Надели мы маскхалаты, затянули ремни. Автомат на грудь, шлем поверх пилотки и — вперед, пошли! А ночь темная, только снег и виден. «Ну, и что получится… — это Ганди ни с того ни с сего. — Унтер с нами! Уж он-то знает дело!» Тот откликается: «Ничего, ребята, целы будем, вернемся домой».

Моего друга все зовут «Ганди». На самом деле он Вальтер, просто он худющий, терпеливый и страшно упорный, вот и похож на того индуса, борца за свободу. Ганди мой лучший друг, я люблю его как брата. Чем ближе к тому берегу, тем тише становится. С каждым метром, который мы преодолеваем уже ползком, напряжение нарастает, и мой страх тоже. От каждого шороха громко колотится сердце, сжимается горло; жуткий холод, а я весь в поту. А ведь с каким рвением, как беззаботно мы вызвались в эту разведку добровольцами…

Но вот мы у берега, пробуем лезть через кусты. Автомат на груди мешает, шлем сползает на лицо, маскхалат зацепился за ветку. Мы молчим, только подаем друг другу знаки.
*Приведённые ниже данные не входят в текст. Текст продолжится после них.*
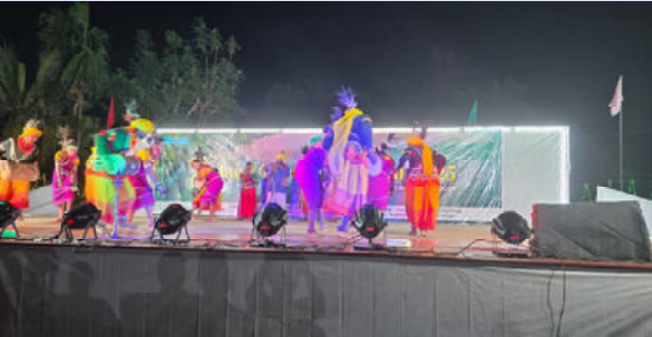
Cultural programme at Wandoor as part of ITF-2025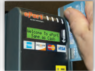
Credit/Debit card reader options.

Communicates price, monies and sold out status.

Вот, слышны чужие голоса, первые слова по-русски. А что я на самом деле знаю о русских? Очень мало, только вот, что они люди низшего класса. Проклятые большевики, ублюдки, никакой культуры… А небо густо затянуто тучами, почти черное. Глаза мои привыкли к темноте, снег белый, и этого хватает, чтобы ориентироваться. Наш унтер-офицер ползком подбирается к каким-то строениям. Манит нас за собой, мы карабкаемся следом.

В темноте, прямо перед нами, — русский танк, его пушка смотрит на нас! Меня охватывает панический страх, сердце колотится так, что вот-вот выскочит из груди, струйки ледяного пота стекают по спине. А из крестьянского дома вдруг с шумом высыпают русские солдаты, их шатает, они совершенно пьяны! Слава Богу, может, нас не заметят, они же вышли только затем, чтобы отлить.

А мне страшно — ведь слышно, как предательски колотится мое сердце, я боюсь дохнуть; мы лежим не шелохнувшись, беспомощно вжавшись в снег. А русские всё толкутся, то в дом, то обратно. Сколько времени мы так лежим? Десять минут, или двадцать, или еще дольше? Я не знаю. А страх, отражающийся в глазах нашего унтера, лишает меня всякой надежды. Разве он нам не рассказывал о делах на фронте, о том, за что получил Железный крест 1-й степени и нашивку за рукопашную?

Когда толкотня и шум у русских становятся еще громче, я набираюсь смелости посмотреть на часы, на них — скоро полночь. Наш унтер приметил лучшее укрытие, он подает нам знак, и мы, пригнувшись, пробираемся туда. Получилось, нас не заметили, но сердце у меня прыгает по-прежнему. Рот пересох, я набираю немного снега, чтобы смочить губы. Отсюда лучше видно, и мы не верим своим глазам: кругом танки, орудия, грузовики, и русские, русские, русские. Откуда их столько?

До следующего дома метров двадцать, может быть, тридцать. Нам надо туда. Это удается, русские нас не увидели. Не тут-то было! Целая орава пьяных солдат во главе с балалаечником устраивает танцы вокруг. Часовых нигде не видно. Плясать да водку хлестать — и это наши враги?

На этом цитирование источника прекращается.